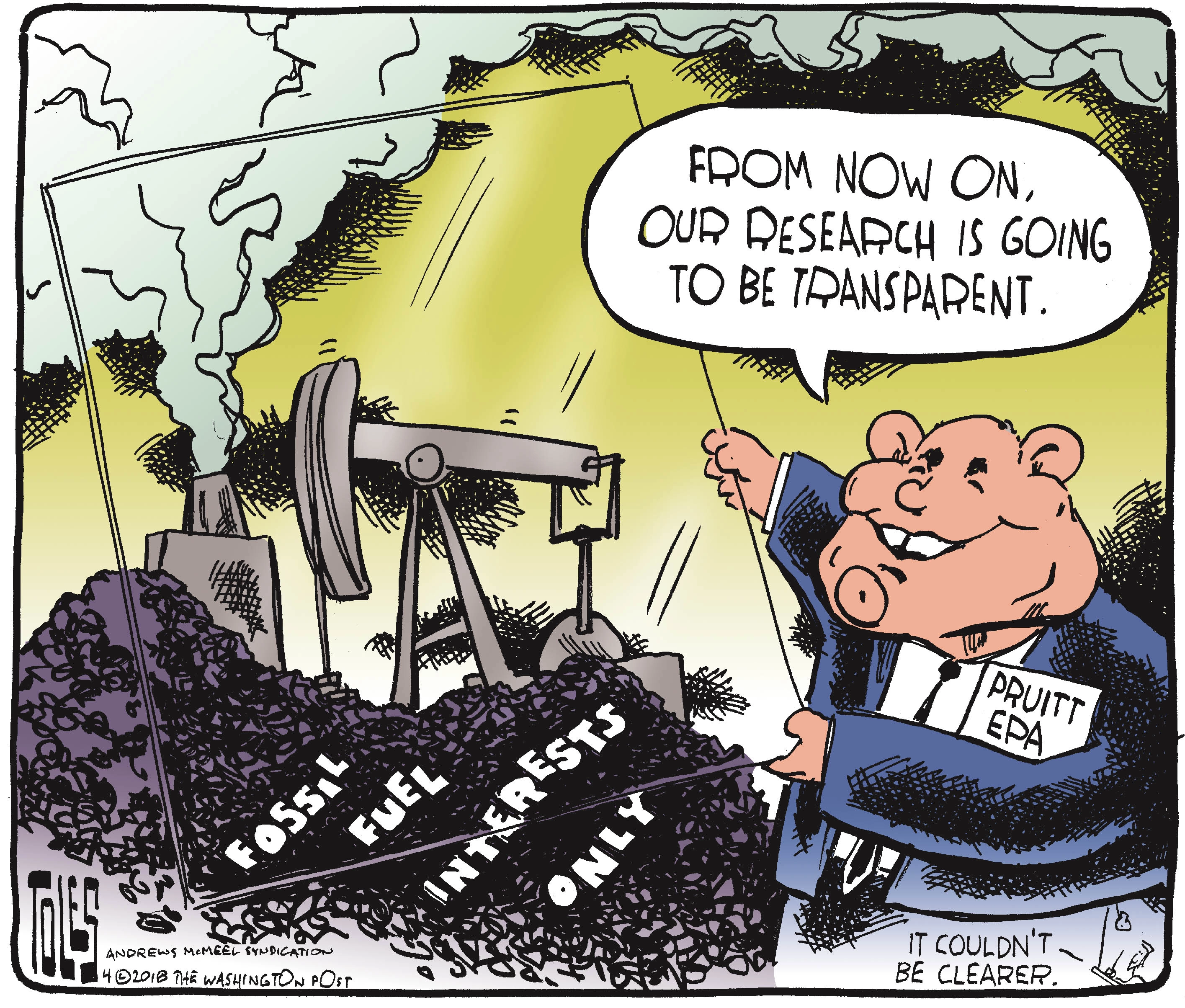 Political cartoon U.S. Scott Pruitt EPA transparency corruption
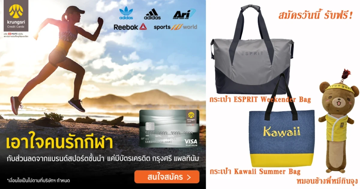 เอาใจคนรักกีฬา กับส่วนลดจากแบรนด์สปอร์ตชั้นนำ แค่มีบัตรฯ กรุงศรี แพลทินัม สมัครวันนี้! รับของแถมเพียบ
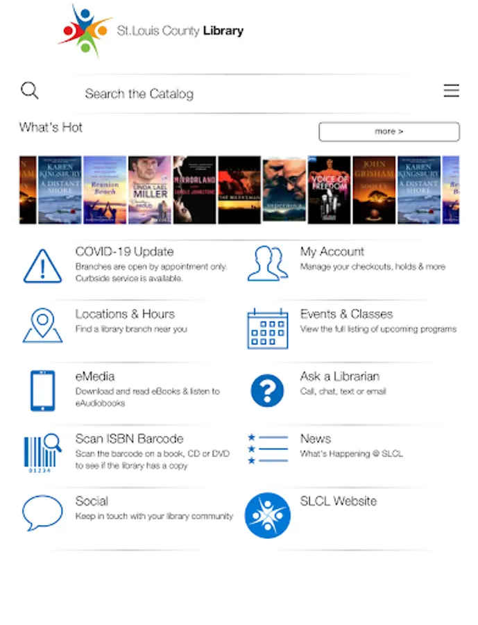 St. Louis County Library is on the go and open 24/7 with SLCL Mobile! You can manage your account, search the catalog, renew and request material, download eMedia titles, view upcoming events and classes, locate the closest SLCL branch, Ask a Librarian for help via phone, chat, email or text from your device.
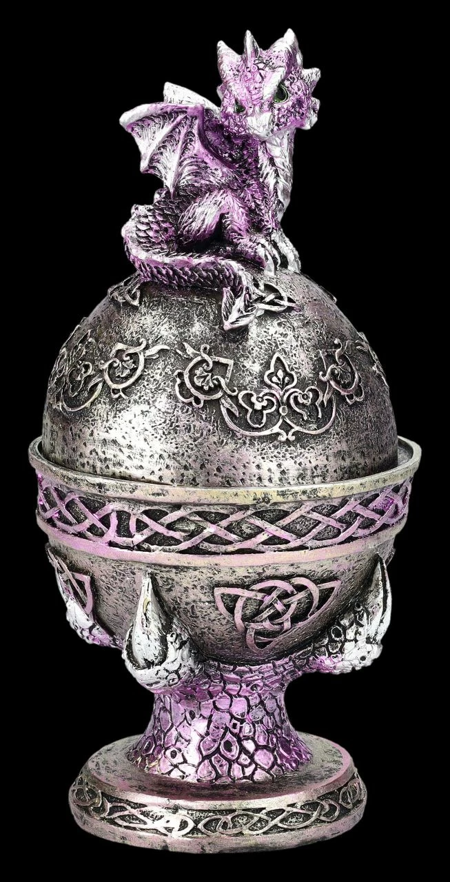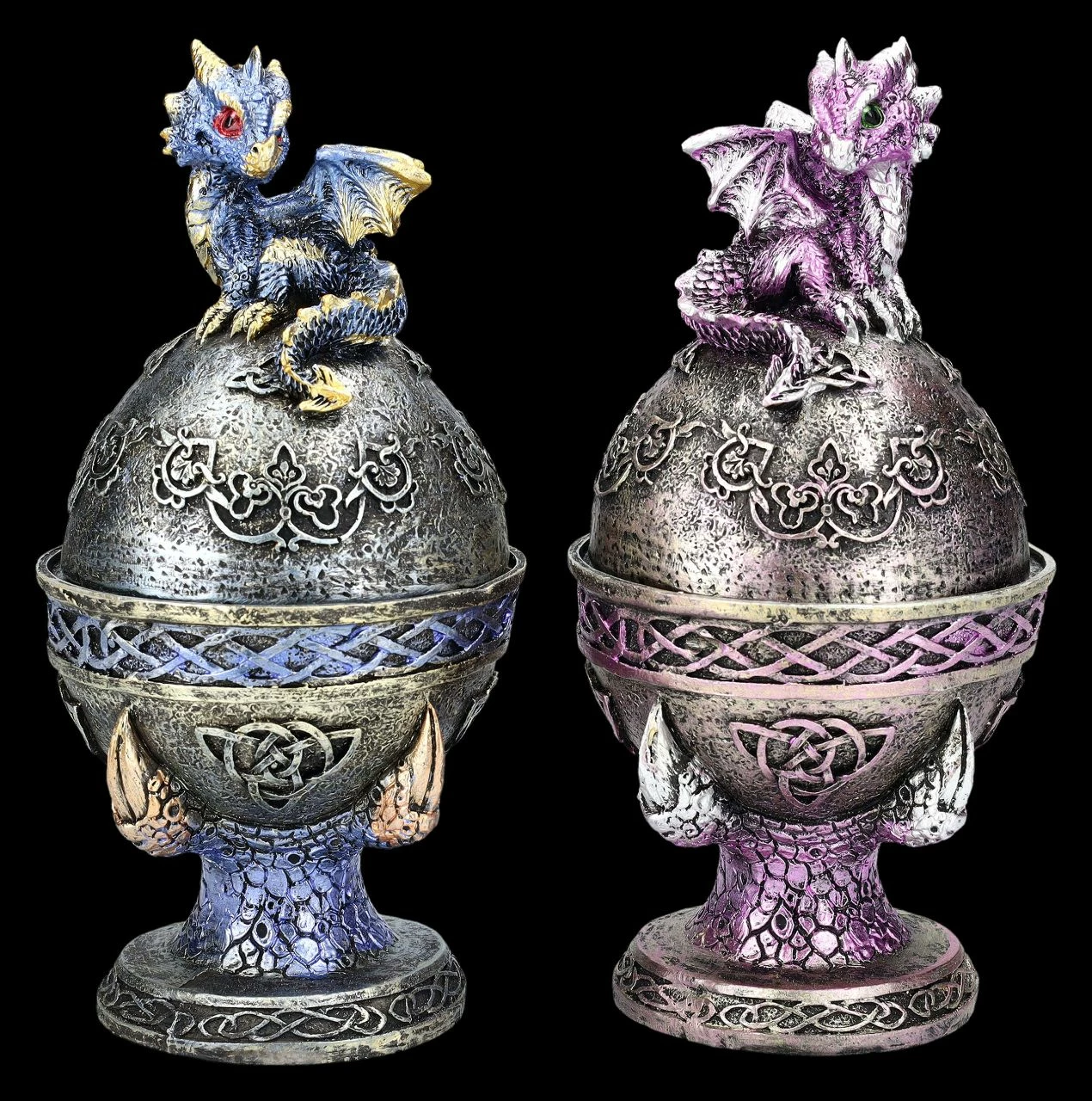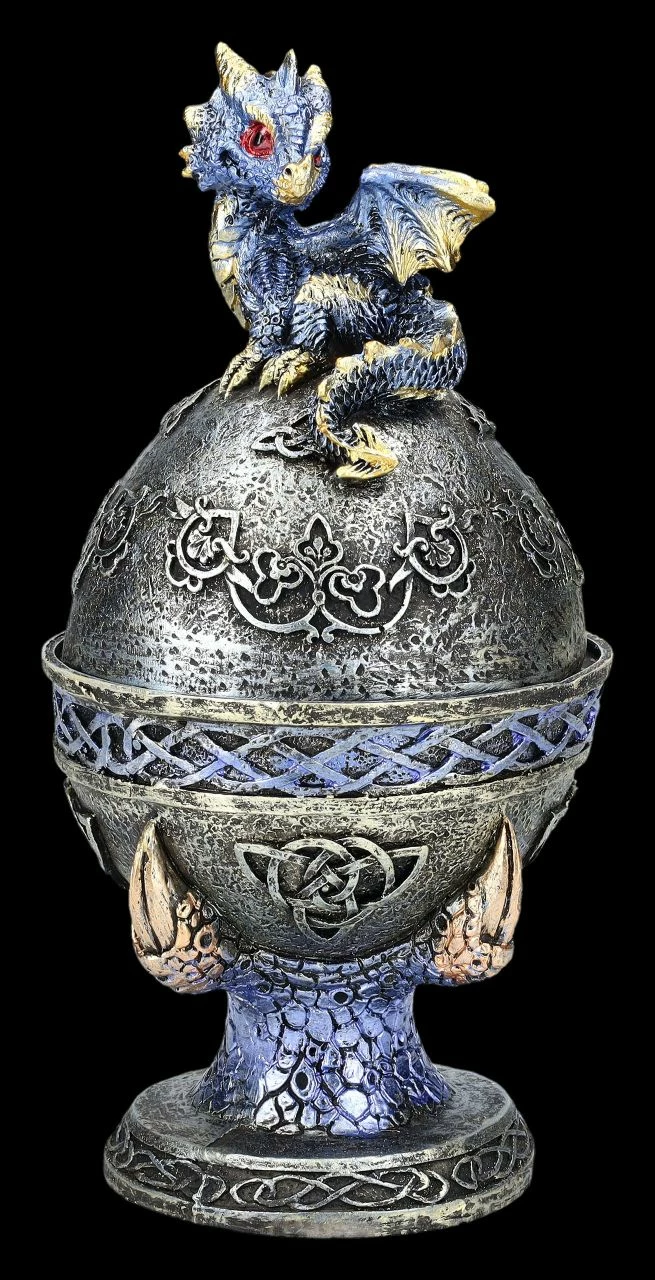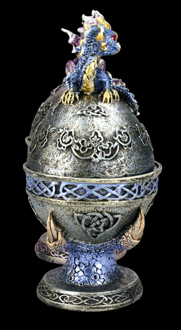 Wie hübsch – Drachenkrallen halten bei diesem 2er Set ein blaues und ein lilafsarbenes Ei, das mit keltischen Symbolen verziert ist. Auf den Eiern sitzt jeweils ein fablich dazu passendes niedliches Drachenbaby. In den Eiern befindet sich – wie einst bei den Farbergé-Eiern – eine geheimnisvolle Schatulle, die man nicht auf den ersten Blick erkennt. Die wunderbar dekorativen Drachenschatullen in blau und lila wurden aus liebevoll handbemaltem Kunststein (Polyresin) gefertigt. Sie sind je 18 cm hoch, je 9 cm breit und je 9 cm tief und haben innen mit dem Durchmesser von 7 cm und der Höhe von 5 cm Platz für ein Schmuckstück oder ein anderes Kleinod. Sie sind also nicht nur sehr dekorativ, sondern auch perfekt als Verpackung für ein ganz besonderes Geschenk geeignet.
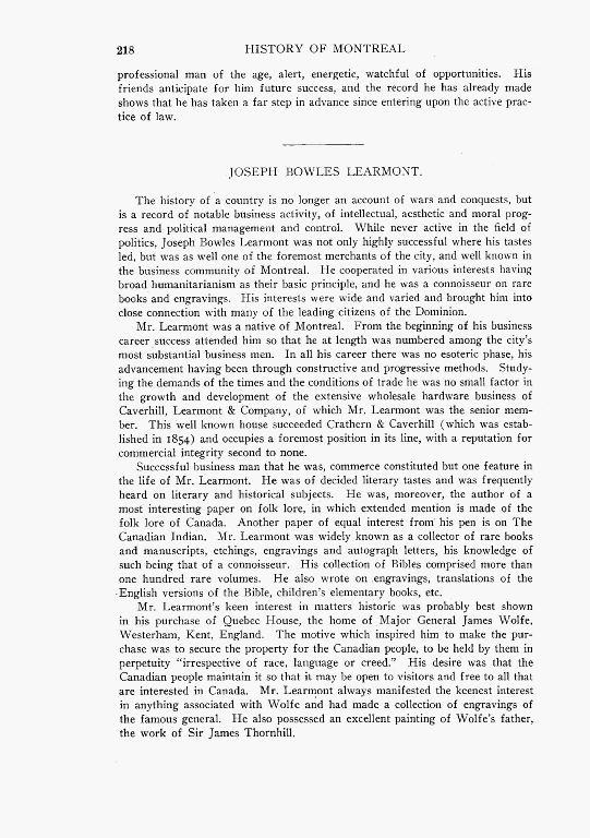 From Who’s Who in Canada Joseph Bowles Learmont, merchantSon late Wm. and Eliza (Bowles) Learmont; b. and e. Montreal; m. 1st Amelia Jane (d. 1875), daug. late Hon. L. H. Holton, M. P., a prominent parliamentarian and statesman; 2ndly, Charlotte (prominently identified with the movement for providing playgrounds for children, a director City Improvement League, one of the promoters of the Royal Edward Institute and is V.-P. of the Montreal Tuberculosis Association, V.-P. Y.W.C.A., treasurer Nat’l. Council of Women, pres. Montreal Day Nursery, pres. local branch Needlework Guild, pres. and convener local branch Victorian Order of Nurses etc.; was one of a deputation, headed by the Countess of Aberdeen, who presented to Queen Mary an address of congratulation from 25,000 women of Canada upon her accession to the throne) daug. late Chas. F. Smithers, pres. Bank of Montreal; has run a successful career as a business man; at present is the senior member of the firm of Caverhill, Learmont & Co., wholesale hardware merchants, Montreal (est. 1854); noted for his literary tastes, and has frequently lectured on literary and historical subjects; an early member of Numismatic and Antiques Society; a collector of rare books and manuscripts, etchings, engravings, autograph letters, etc.; among other offices held by him are the following: member Committee of Management Montreal General Hospital; mem. Montreal Board of Trade (2 years a councilor); mem. Board and a governor Victorian Order of Nurses (Montreal Branch); director Charity Organization Society; mem. Executive committee Lord’s Day Alliance, treasurer Montreal Art Association and councilor and treasurer local branch of the Archaeological Institute of America; author of paper on “Folk-lore” including Canadian folk-lore, and of another paper on “The Canadian Indian”; a Cong. – 30 Macgregor St., Montreal; St. James Club; Mt. Royal Club; Montreal Club; City Club. “A man of deep knowledge on special subjects, and of exquisite taste.” – Dr. John Reade.
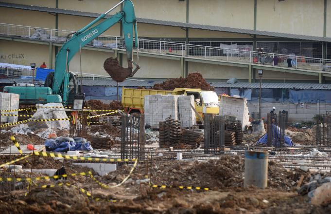 Pekerja menggunakan alat berat menyelesaikan pembangunan kembali Blok III Pasar Senen yang terbekar pada September 2014 di Jakarta, Kamis (12/5). PD Pasar Jaya melanjutkan kembali pembangunan Blok III Pasar Senen yang sempat terhenti dengan anggaran mencapai Rp300 miliar. ANTARA FOTO/Wahyu Putro A/foc/16.
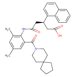 InChI=1S/C33H38N2O4/c1-22-18-23(2)31(28(19-22)32(39)35-16-14-33(15-17-35)12-5-6-13-33)34-29(36)20-25(21-30(37)38)27-11-7-9-24-8-3-4-10-26(24)27/h3-4,7-11,18-19,25H,5-6,12-17,20-21H2,1-2H3,(H,34,36)(H,37,38)/t25-/m1/s1
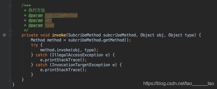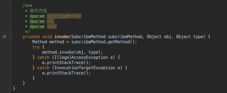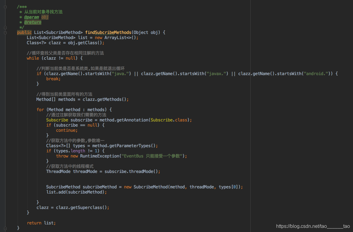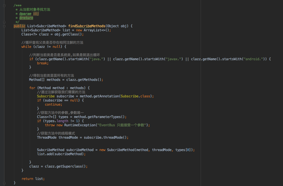 findSubcribeMethods这个方法是干嘛的,大家应该很疑惑,上面我们定义了一个map,这里就是根据map的key来存我们的事件,通过反射来找项目所有的,当然除了java.javax.android.这些系统的方法,具体实现,可以看下面,都有注释,方便大家理解
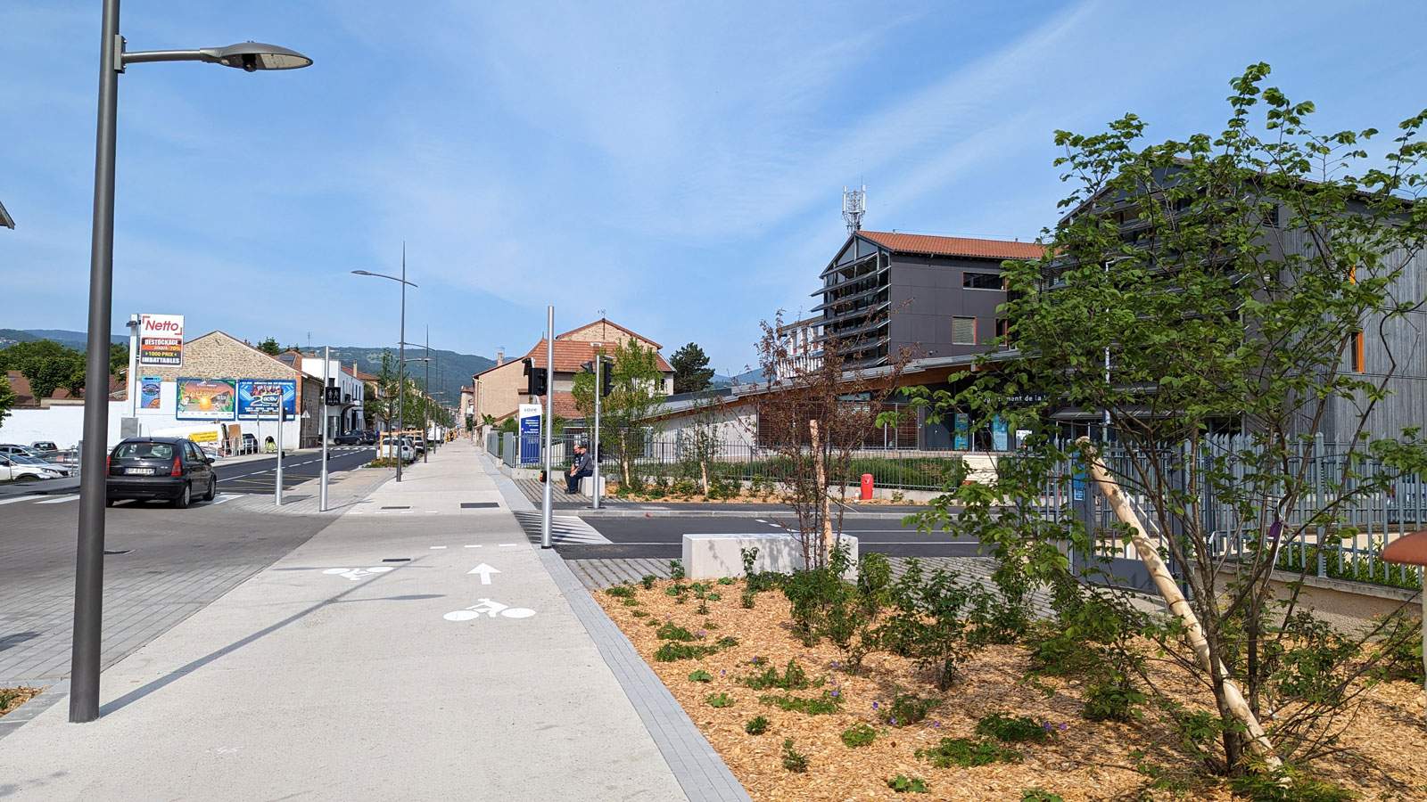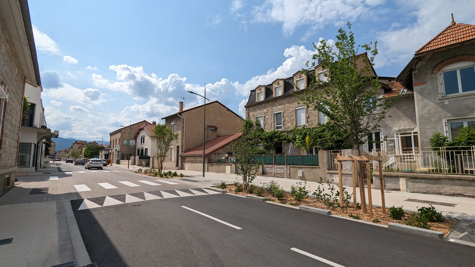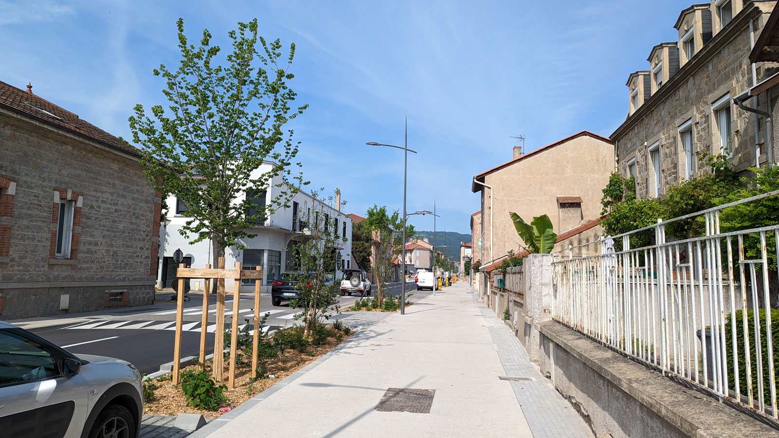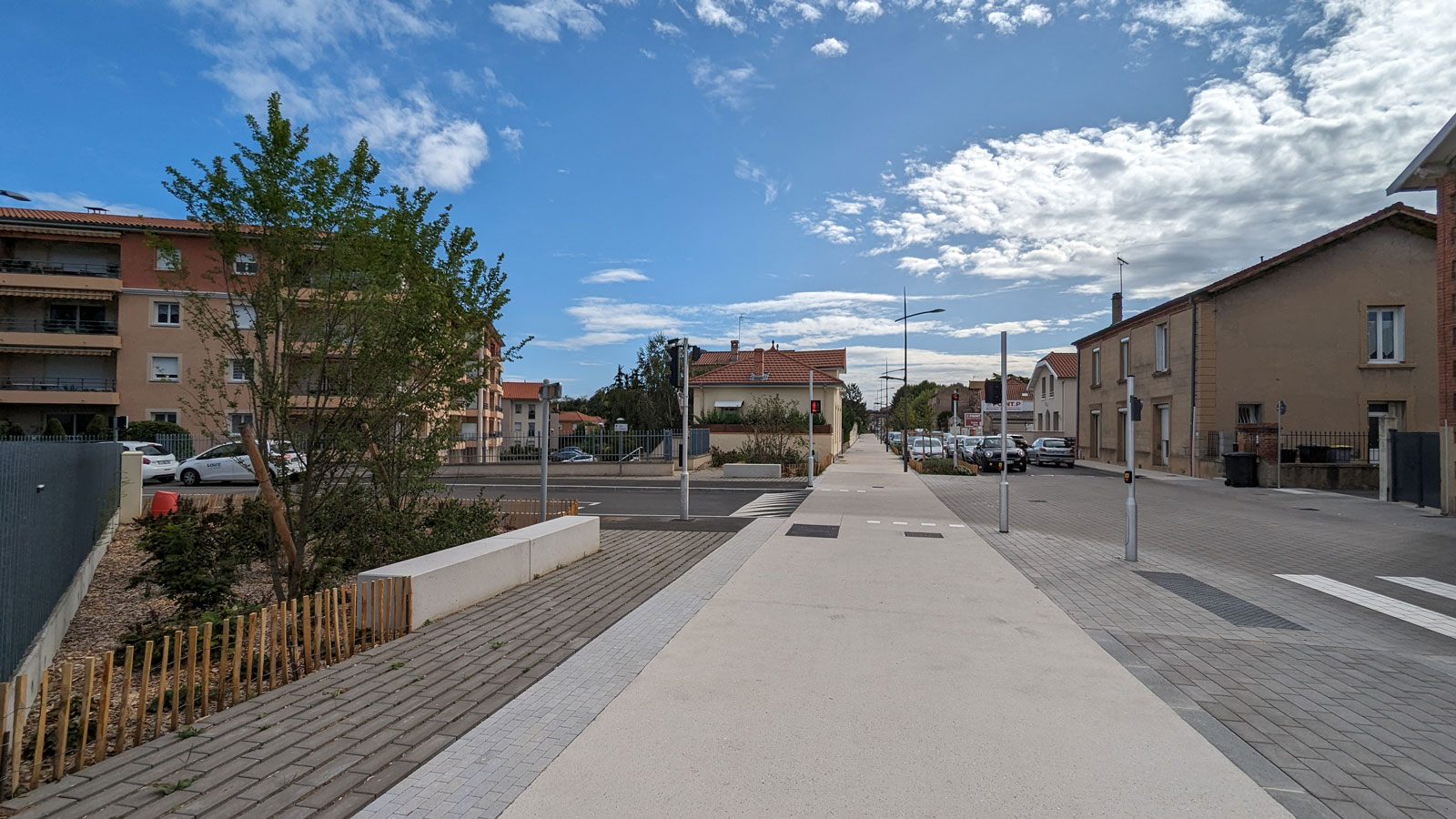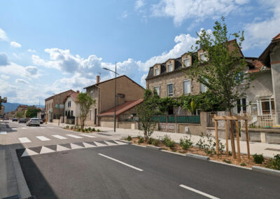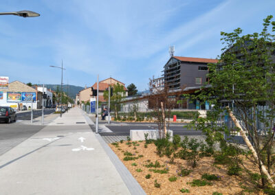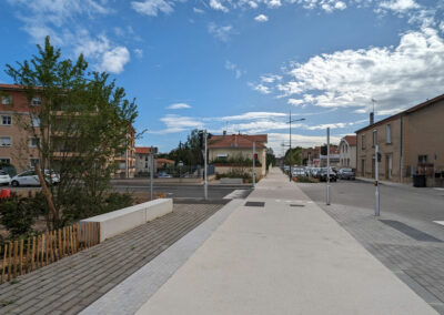 Les enjeux du projet étaient d’apaiser la circulation de cet axe fort et favoriser les usages modes doux, tout en confortant la lecture d’une liaison historique avec la mise en place de ponctuation arborée.

## Your goal
What do the entries above read from the line containing "St. Louis County" through the line containing "Wie hübsch –"? Output those lines exactly, both ends included, with the pictures left out.

## The completed task
 St. Louis County Library is on the go and open 24/7 with SLCL Mobile! You can manage your account, search the catalog, renew and request material, download eMedia titles, view upcoming events and classes, locate the closest SLCL branch, Ask a Librarian for help via phone, chat, email or text from your device.
 Wie hübsch – Drachenkrallen halten bei diesem 2er Set ein blaues und ein lilafsarbenes Ei, das mit keltischen Symbolen verziert ist. Auf den Eiern sitzt jeweils ein fablich dazu passendes niedliches Drachenbaby. In den Eiern befindet sich – wie einst bei den Farbergé-Eiern – eine geheimnisvolle Schatulle, die man nicht auf den ersten Blick erkennt. Die wunderbar dekorativen Drachenschatullen in blau und lila wurden aus liebevoll handbemaltem Kunststein (Polyresin) gefertigt. Sie sind je 18 cm hoch, je 9 cm breit und je 9 cm tief und haben innen mit dem Durchmesser von 7 cm und der Höhe von 5 cm Platz für ein Schmuckstück oder ein anderes Kleinod. Sie sind also nicht nur sehr dekorativ, sondern auch perfekt als Verpackung für ein ganz besonderes Geschenk geeignet.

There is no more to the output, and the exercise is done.